*** Opening of DATASET ***

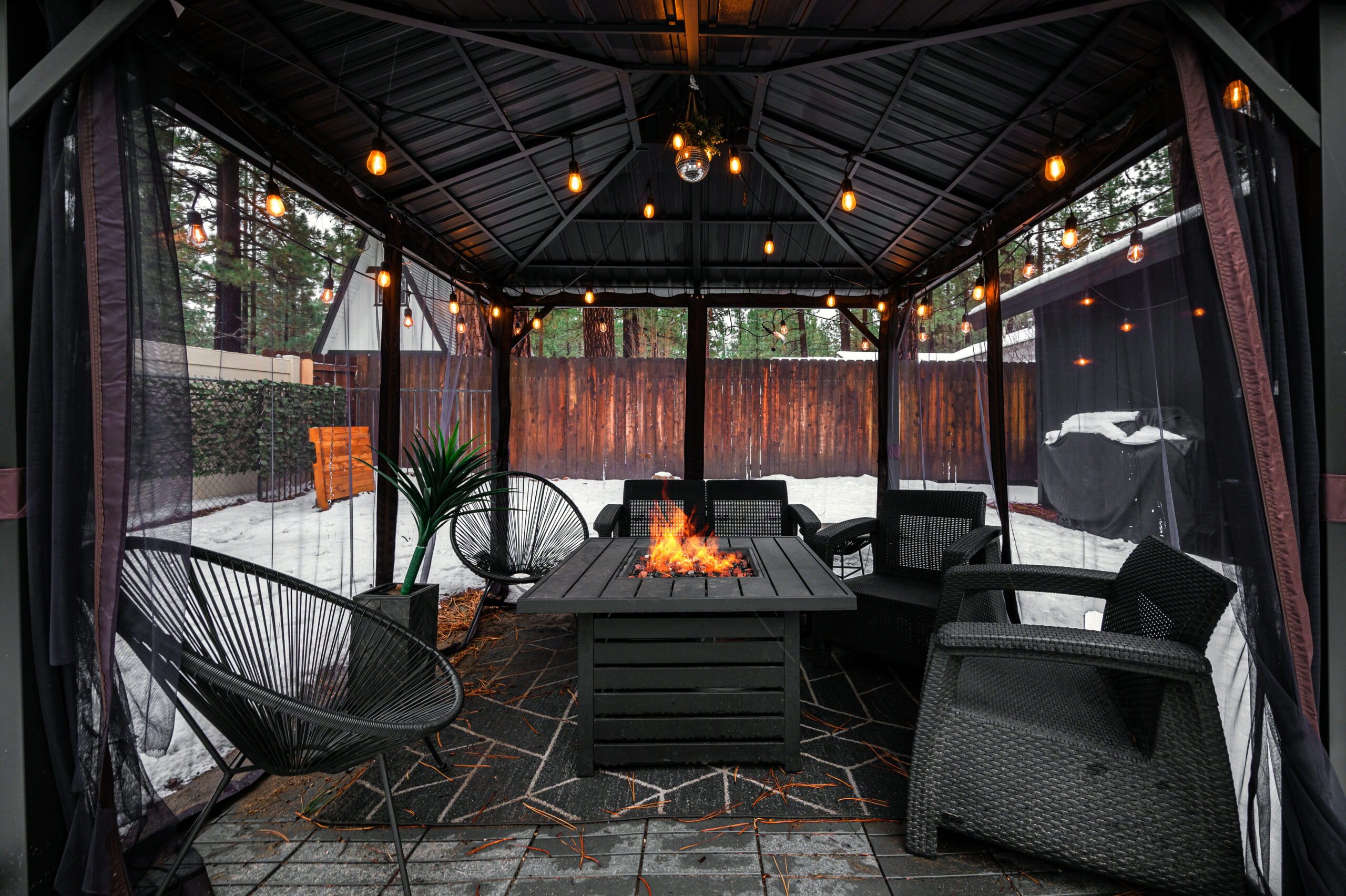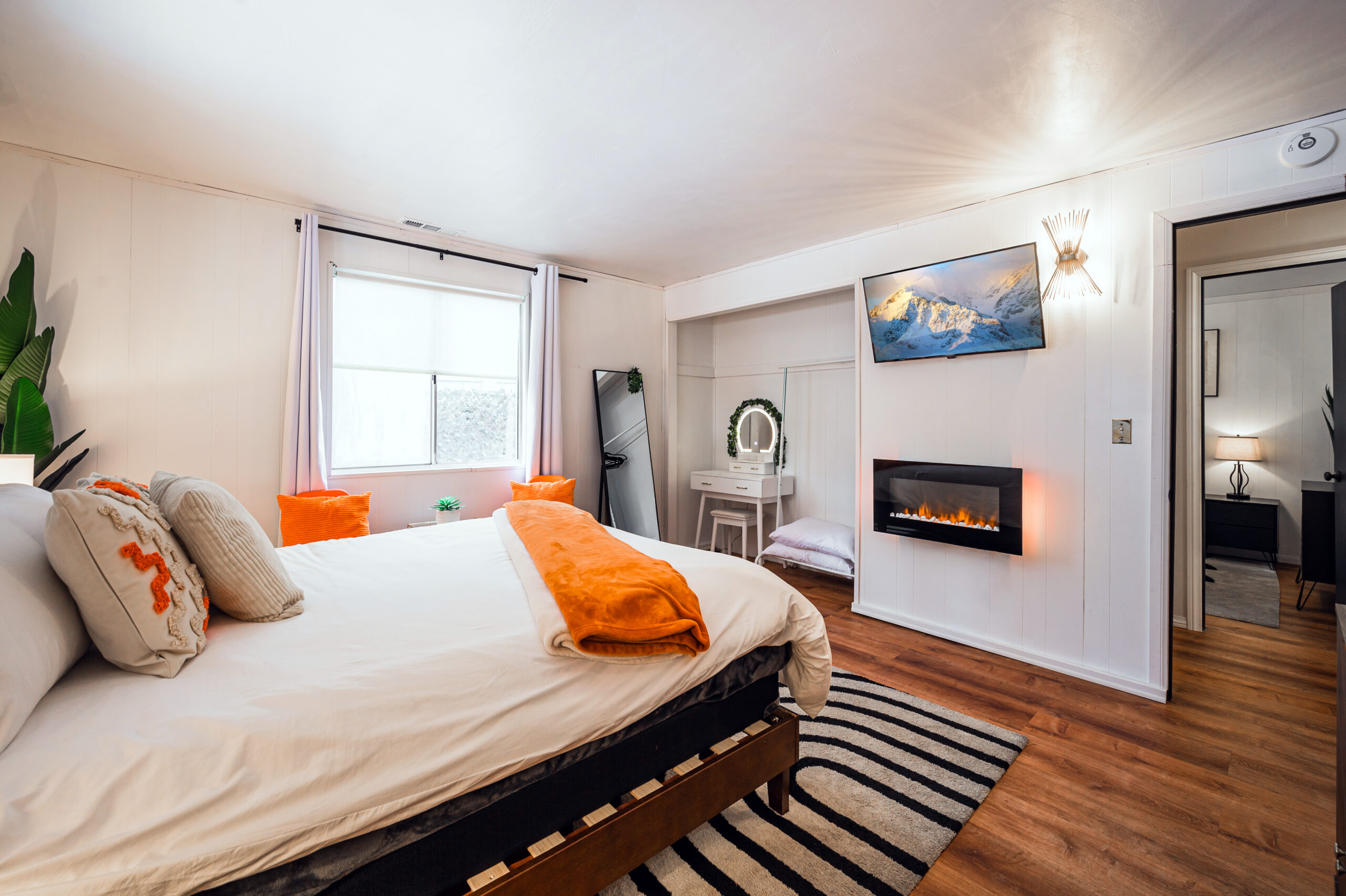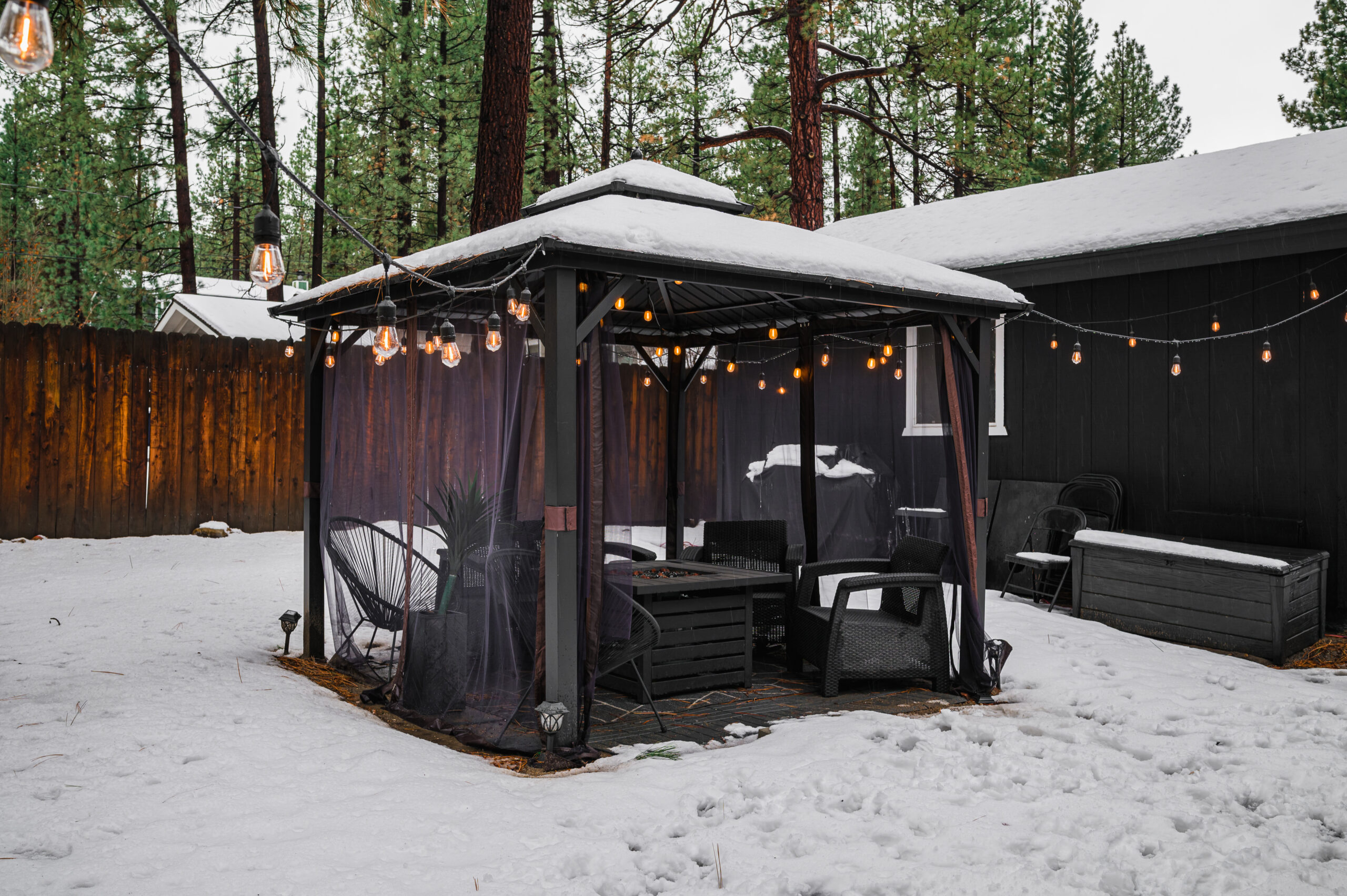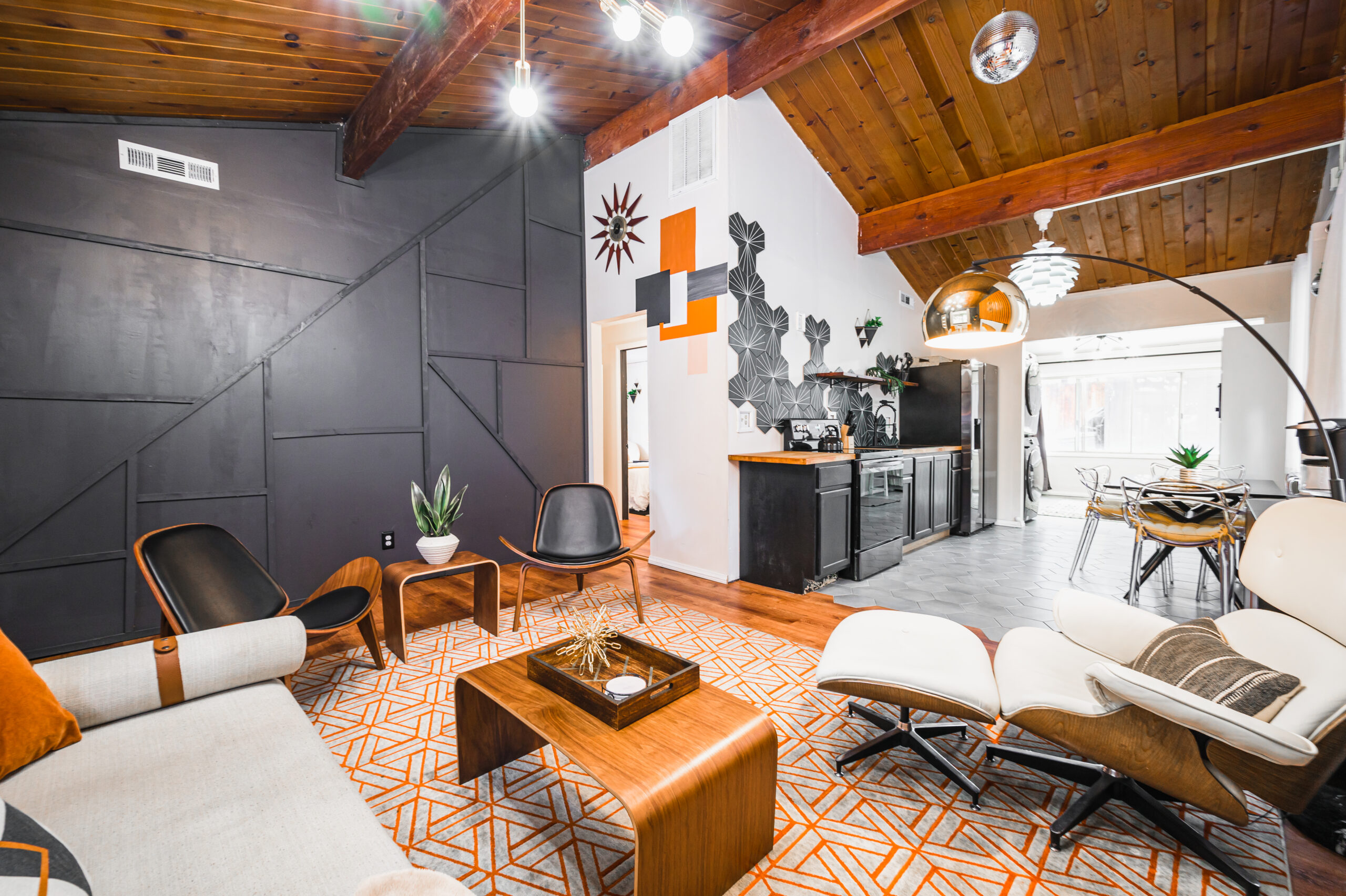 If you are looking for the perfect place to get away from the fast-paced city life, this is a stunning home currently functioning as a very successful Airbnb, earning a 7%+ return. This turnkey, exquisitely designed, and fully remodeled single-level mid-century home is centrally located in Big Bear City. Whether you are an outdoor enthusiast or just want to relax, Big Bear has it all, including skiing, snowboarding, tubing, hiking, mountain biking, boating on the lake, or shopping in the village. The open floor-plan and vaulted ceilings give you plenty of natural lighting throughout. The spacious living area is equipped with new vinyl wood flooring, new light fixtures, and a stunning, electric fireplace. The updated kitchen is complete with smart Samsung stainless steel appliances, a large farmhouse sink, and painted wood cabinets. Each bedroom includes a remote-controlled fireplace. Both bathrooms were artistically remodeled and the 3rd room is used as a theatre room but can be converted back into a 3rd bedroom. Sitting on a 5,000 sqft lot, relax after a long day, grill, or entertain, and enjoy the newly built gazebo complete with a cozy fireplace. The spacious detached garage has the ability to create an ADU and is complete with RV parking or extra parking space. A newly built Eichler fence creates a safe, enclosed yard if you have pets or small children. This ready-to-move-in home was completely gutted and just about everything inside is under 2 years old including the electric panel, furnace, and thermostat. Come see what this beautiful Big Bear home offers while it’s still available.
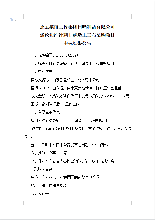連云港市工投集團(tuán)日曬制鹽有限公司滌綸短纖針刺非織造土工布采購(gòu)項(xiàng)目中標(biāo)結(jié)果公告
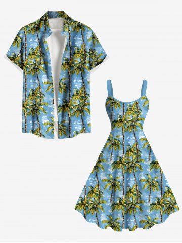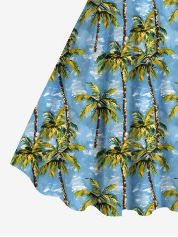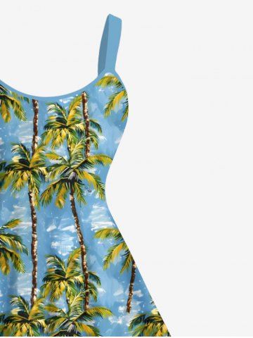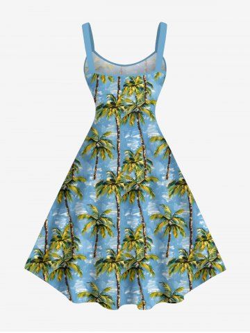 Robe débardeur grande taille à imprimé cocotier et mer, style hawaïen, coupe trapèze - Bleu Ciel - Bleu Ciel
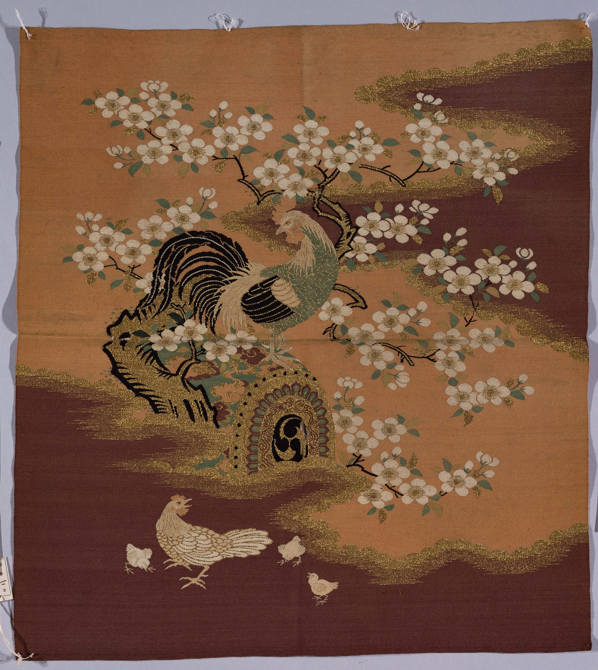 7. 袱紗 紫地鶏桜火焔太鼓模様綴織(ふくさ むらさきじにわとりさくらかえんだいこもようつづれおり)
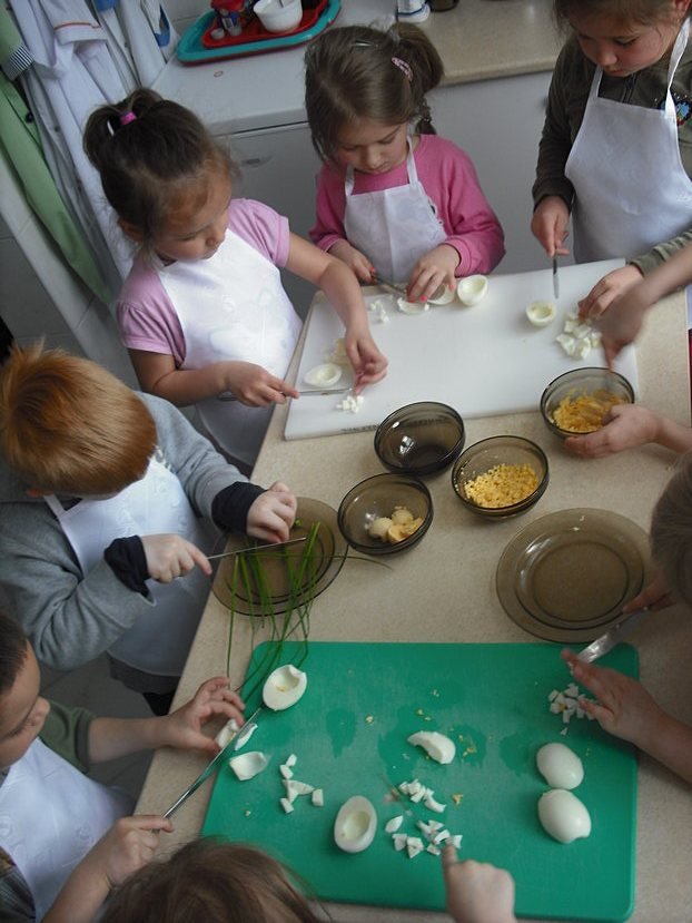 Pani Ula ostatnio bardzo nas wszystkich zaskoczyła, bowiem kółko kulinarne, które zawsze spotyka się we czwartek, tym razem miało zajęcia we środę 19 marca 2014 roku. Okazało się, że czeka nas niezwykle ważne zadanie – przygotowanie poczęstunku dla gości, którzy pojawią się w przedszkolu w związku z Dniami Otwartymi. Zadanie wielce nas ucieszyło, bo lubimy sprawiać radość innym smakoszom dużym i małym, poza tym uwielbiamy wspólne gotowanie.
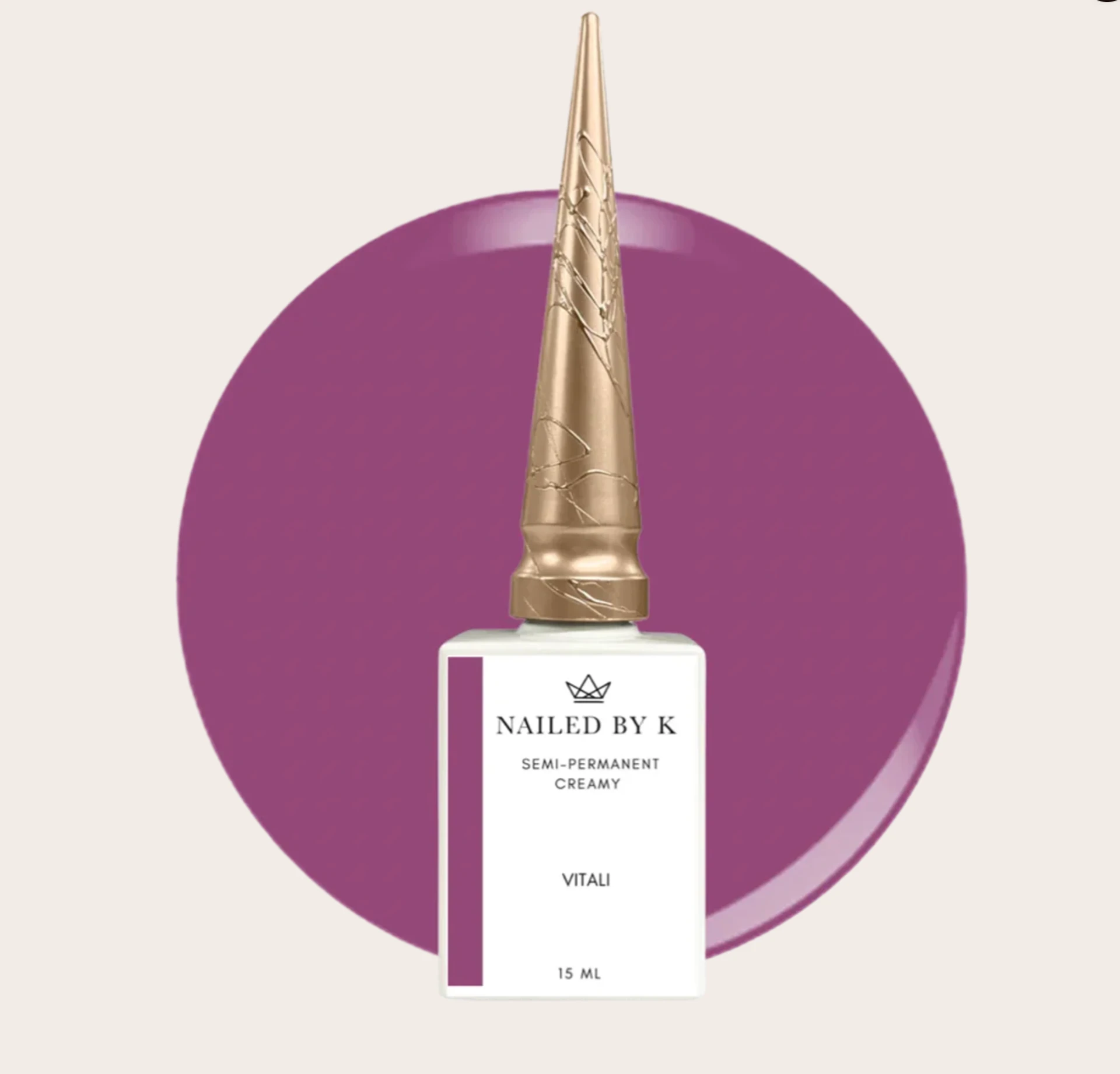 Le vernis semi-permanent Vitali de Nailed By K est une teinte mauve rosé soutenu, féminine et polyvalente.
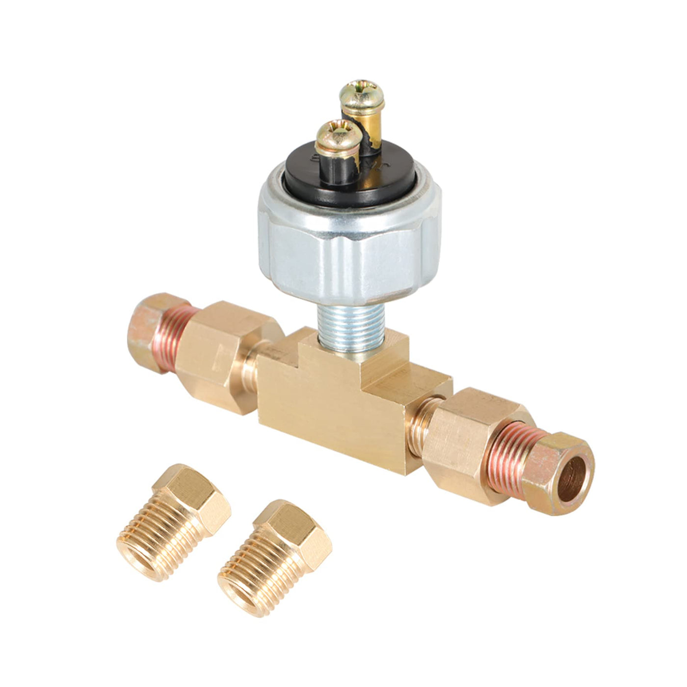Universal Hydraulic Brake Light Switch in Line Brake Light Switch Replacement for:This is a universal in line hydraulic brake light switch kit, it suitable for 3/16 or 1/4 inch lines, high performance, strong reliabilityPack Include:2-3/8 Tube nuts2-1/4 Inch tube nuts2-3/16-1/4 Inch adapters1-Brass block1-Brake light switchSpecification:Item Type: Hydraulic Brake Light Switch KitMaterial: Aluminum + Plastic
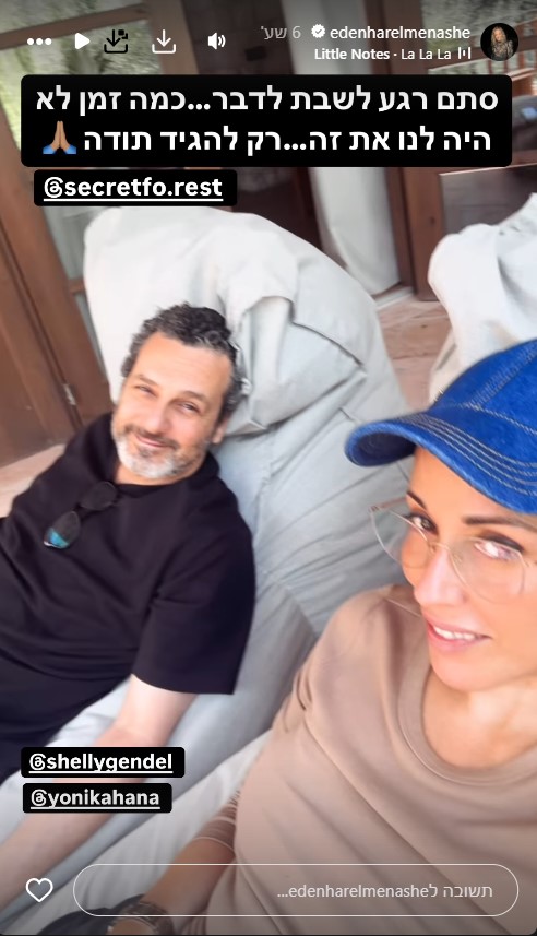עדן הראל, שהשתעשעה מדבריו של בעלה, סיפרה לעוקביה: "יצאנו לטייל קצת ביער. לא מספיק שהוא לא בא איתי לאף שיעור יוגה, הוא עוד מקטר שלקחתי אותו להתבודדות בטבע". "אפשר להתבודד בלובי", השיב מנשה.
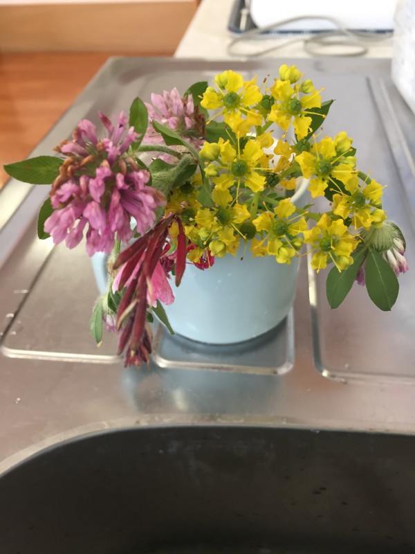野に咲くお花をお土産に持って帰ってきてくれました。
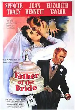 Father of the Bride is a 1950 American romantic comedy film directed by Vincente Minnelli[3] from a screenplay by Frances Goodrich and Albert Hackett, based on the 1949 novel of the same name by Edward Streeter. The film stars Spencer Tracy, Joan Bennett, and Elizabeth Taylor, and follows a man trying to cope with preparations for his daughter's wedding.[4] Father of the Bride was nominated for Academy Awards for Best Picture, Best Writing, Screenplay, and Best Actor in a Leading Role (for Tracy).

*** Close of DATASET ***

Reproduce the lines above beginning at the line that contains "Robe débardeur grande" and ending at the line that contains "7. 袱紗 紫地鶏桜火焔太鼓模様綴織(ふくさ". No pictures.

THE ANSWER |
 Robe débardeur grande taille à imprimé cocotier et mer, style hawaïen, coupe trapèze - Bleu Ciel - Bleu Ciel
 7. 袱紗 紫地鶏桜火焔太鼓模様綴織(ふくさ むらさきじにわとりさくらかえんだいこもようつづれおり)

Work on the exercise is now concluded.